Defining the variance by using $n-1$ in the denominator, where $n$ is the sample size, is done only when using the sample variance to estimate the population variance or otherwise drawing inferences about the population by using a random sample. The population variance is $\operatorname E((X-\mu)^2)$ where $\mu=\operatorname E(X),$ and if the population consists of $n$ equally probablye outcomes, then the standard deviation is given by a formula that looks like what you wrote except that it has $n$ where you have $n-1.$
The reason the second power is used in measuring dispersion is that if $X_1,\ldots,X_n$ are independent, then $$ \operatorname{var}(X_1+\cdots+X_n) = \operatorname{var}(X_1)+\cdots + \operatorname{var}(X_n). $$ You need that whenever you apply the central limit theorem.
Some reasons to define the variance and standard deviation the way they're defined:
With this definition, the mean minimizes the variance, meaning: If we compute the mean square deviation from some value $\mu$, it's minimal if $\mu$ is the mean:
\begin{eqnarray*} f(\mu)&=&\sum_i(x_i-\mu)^2\;,\\ f'(\mu)&=&-2\sum_i(x_i-\mu)\;,\\ f'(\mu)=0&\Leftrightarrow&\mu=\frac1n\sum_ix_i\;. \end{eqnarray*}
This doesn't work the same way with higher even powers, e.g.:
\begin{eqnarray*} f(\mu)&=&\sum_i(x_i-\mu)^4\;,\\ f'(\mu)&=&-4\sum_i(x_i-\mu)^3\;,\\ f'(\mu)=0&\Leftrightarrow&\sum_i(x_i-\mu)^3=0\;, \end{eqnarray*}
a cubic equation for $\mu$ without a natural interpretation. Thus, the median minimizes the mean absolute deviation, and the mean minimizes the mean square deviation, whereas the number minimizing the mean quartic deviation isn't known to have any nice properties.

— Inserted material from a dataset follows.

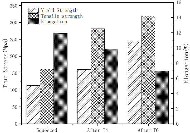 (a)坯料;(b)擠壓;(c)固溶;(d)固溶+時(shí)效圖3SiCp/ZL101復(fù)合材料SEM顯微組織: 2.2 力學(xué)性能 圖4為不同條件下擠壓鑄造SiCp/ZL101復(fù)合材料的力學(xué)性能。可以看出,熱處理前的復(fù)合材料屈服強(qiáng)度、抗拉強(qiáng)度、伸長(zhǎng)率分別為113MPa、162MPa、11.90%,經(jīng)過(guò)固溶處理后,分別為161MPa、282MPa、9.85%,屈服強(qiáng)度和抗拉強(qiáng)度分別增長(zhǎng)了42.48%,74.07%,伸長(zhǎng)率下降了17.23%;固溶+時(shí)效處理后,復(fù)合材料力學(xué)性能進(jìn)一步增加,屈服強(qiáng)度和抗拉強(qiáng)度分別為244MPa,320MPa,增長(zhǎng)了51.55%,13.48%,伸長(zhǎng)率則明顯下降,為6.91%,降低了29.85%。 比較擠壓狀態(tài)和固溶態(tài)復(fù)合材料性能發(fā)現(xiàn),經(jīng)過(guò)固溶處理后,其屈服強(qiáng)度和抗拉強(qiáng)度增幅均較大,這是因?yàn)椋瑥?fù)合材料經(jīng)固溶處理后,殘余應(yīng)力下降,而且因?yàn)镾iCp與基體之間的熱膨脹系數(shù)不同,導(dǎo)致淬火過(guò)程中SiCp與基體之間產(chǎn)生了大量的位錯(cuò),這些位錯(cuò)環(huán)繞在SiCp周圍,使基體晶格畸變程度增高,提高了合金強(qiáng)度,并且在合金受力過(guò)程中,這些位錯(cuò)因?yàn)镾iCp的釘扎作用而難以移動(dòng),提高了合金的變形抗力。固溶過(guò)程使共晶Si形態(tài)發(fā)生轉(zhuǎn)變,因?yàn)楣簿^(qū)是裂紋誘導(dǎo)區(qū),對(duì)裂紋的產(chǎn)生和擴(kuò)展有很大的影響;共晶Si由針狀和條狀轉(zhuǎn)變?yōu)榍驙睿蟠蠼档土斯簿i組織和α-Al基體之間的接觸面積,從而抑制了裂紋的產(chǎn)生。此外,α-Al中的Mg含量也對(duì)復(fù)合材料力學(xué)性能有較明顯的影響,有研究表明,復(fù)合材料的屈服強(qiáng)度與溶于α-Al相的Mg含量的平方根呈正比,說(shuō)明固溶過(guò)程使晶界處的Mg2Si進(jìn)入基體合金,增加了基體合金中的Mg含量。以上因素使材料的屈服強(qiáng)度和抗拉強(qiáng)度有了較大的提升。 比較固溶狀態(tài)和固溶+時(shí)效狀態(tài)復(fù)合材料性能發(fā)現(xiàn),其屈服強(qiáng)度增加幅度大,為51.55%,抗拉強(qiáng)度增幅較小,為13.48%。這是因?yàn)椋m然兩種熱處理后的共晶組織(α-Al+Si)微觀形貌沒(méi)有發(fā)生明顯變化,但時(shí)效過(guò)程促進(jìn)了固溶體中溶質(zhì)原子Mg和Si的析出,聚集的溶質(zhì)原子團(tuán)簇尺寸非常細(xì)小,與基體呈半共格關(guān)系,使共價(jià)鍵的結(jié)合能力也更強(qiáng),位錯(cuò)開(kāi)動(dòng)的阻力也相應(yīng)增大,因此使復(fù)合材料對(duì)塑性變形的抵抗力大幅提升,表現(xiàn)為屈服強(qiáng)度的增加;時(shí)效過(guò)程中產(chǎn)生的Mg、Si原子團(tuán)簇,細(xì)小Si相彌散分布,對(duì)合金的抗拉強(qiáng)度也產(chǎn)生了一定的影響。

The variance of independent random variables is additive:
\begin{eqnarray*} \mathsf{Var}(X+Y)&=&\mathsf E\left[(x+y-\bar x-\bar y)^2\right]\\ &=& \mathsf E\left[(x-\bar x)^2\right]+\mathsf E\left[(y-\bar y)^2\right]+2\mathsf E\left[xy-\bar xy-x\bar y+\bar x\bar y\right] \\ &=& \mathsf E\left[(x-\bar x)^2\right]+\mathsf E\left[(y-\bar y)^2\right]+2(\bar x\bar y-\bar x\bar y-\bar x\bar y+\bar x\bar y) \\ &=& \mathsf E\left[(x-\bar x)^2\right]+\mathsf E\left[(y-\bar y)^2\right] \\ &=& \mathsf{Var}(X)+\mathsf{Var}(Y)\;. \end{eqnarray*}
This, too, wouldn't work with higher even powers. This sort of additivity is at the heart of important theorems like the central limit theorem.